Wastewater testing provides an objective, standardised way of assessing levels of drug usage, and that has manifold benefits, writes Brent Gilpin of ESR.
There are suggestions from time to time that wastewater drug testing is an erosion of our civil liberties and freedoms, as if we’ve unwittingly dropped our trousers and given our “information” to the national database without giving our consent.
I’ve seen wastewater testing compared to camera surveillance, to work drug testing, and to consumer behaviour tracking.
However, it is clearly very different from those activities, all of which target individuals, and collect data, which can be traced back to named individuals.
Wastewater drug testing is community level evaluation, where no individual can be identified, and drug usage represents average usage of thousands of people contributing to a sewer.
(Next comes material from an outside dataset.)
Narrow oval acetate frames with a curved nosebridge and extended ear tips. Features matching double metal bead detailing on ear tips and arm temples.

The value of the current wastewater testing programme is that it provides an objective, standardised way of assessing levels of drug usage in New Zealand. The initial results from the first three months of the national wastewater testing programme covering about 80% of the population were released recently. Those results showed drug usage is a nationwide issue with patterns of drug usage differing around the country.
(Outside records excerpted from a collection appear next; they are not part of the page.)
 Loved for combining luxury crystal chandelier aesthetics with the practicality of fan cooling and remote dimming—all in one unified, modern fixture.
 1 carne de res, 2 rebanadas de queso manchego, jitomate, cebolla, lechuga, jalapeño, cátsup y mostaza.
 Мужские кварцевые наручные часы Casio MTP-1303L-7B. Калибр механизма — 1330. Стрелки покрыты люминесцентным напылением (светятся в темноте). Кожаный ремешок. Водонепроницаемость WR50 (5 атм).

However, the real value of this type of testing is going to be in assessing the impact of interventions or changes in government policy. What effect will potential changes to our cannabis laws, in terms of medicinal marijuana, decriminalisation, legalisation, or greater discretion by police in pursuing drug related prosecutions have on overall usage of various drugs? Will we see an increase or decrease in the use of different types of drugs, or no change at all? For police and customs what impact do seizures, and drug busts have on usage? Is there a significant reduction in use, a change in usage (in some cases to potentially more harmful drugs) or does the drug stockpile and supply chain keep usage levels largely unchanged? In conjunction with other measures, it is hard to see a more objective and unbiased approach than the testing of our wastewater.
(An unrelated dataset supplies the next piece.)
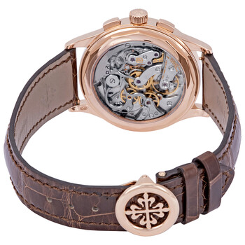 18kt rose gold case with a alligator strap with square scales, hand-stitched, band. Fixed 18kt rose gold bezel. Silver-tone dial with rose gold-tone leaf-style shape hands and Arabic numeral hour markers. Minute markers around the outer rim. Dial Type: Analog. Chronograph - two sub-dials displaying: 60 second and 30 minute. Patek Philippe Calibre CH 29-535 PS Hand Wind movement, containing 33 Jewels, composed of 269 parts, bitting at 28800 vph, and has a power reserve of approximately 65 hours. Scratch resistant sapphire crystal. Sapphire-crystal case back. Round case shape. Case size: 39.4 mm. Fold-over clasp. Water resistant at 30 meters / 100 feet. Functions: chronograph, column wheel, hour, minute, second. Luxury watch style. Watch label: Swiss Made. Patek Philippe Complications Chronograph Men's Watch 5170R/001.

The drugs in sewage information are also useful for health agencies to assess the effectiveness of their drug abuse prevention activities and the resources required for drug treatment or rehabilitation. Clearly, the information so far demonstrates that illicit drugs are not just a big city problem. Ensuring regions receive sufficient specialist resourcing in hospitals and in support services should be a priority.
Of course, the drugs in wastewater is just one source of information, and data from that testing needs to be evaluated with that from other sources. While, it won’t reveal who
in a community is using drugs, whether it’s a small number of people using a lot of drugs, or a lot of people using a small amount of drugs, it should, however, be a quite robust indicator of changes in patterns of drug usage.
The issue of consent is an interesting point for discussion, and a discussion we as a society should have on all sorts of issues. What we flush down our toilets is stuff we want to dispose of, and it could be seen in the same way as rubbish.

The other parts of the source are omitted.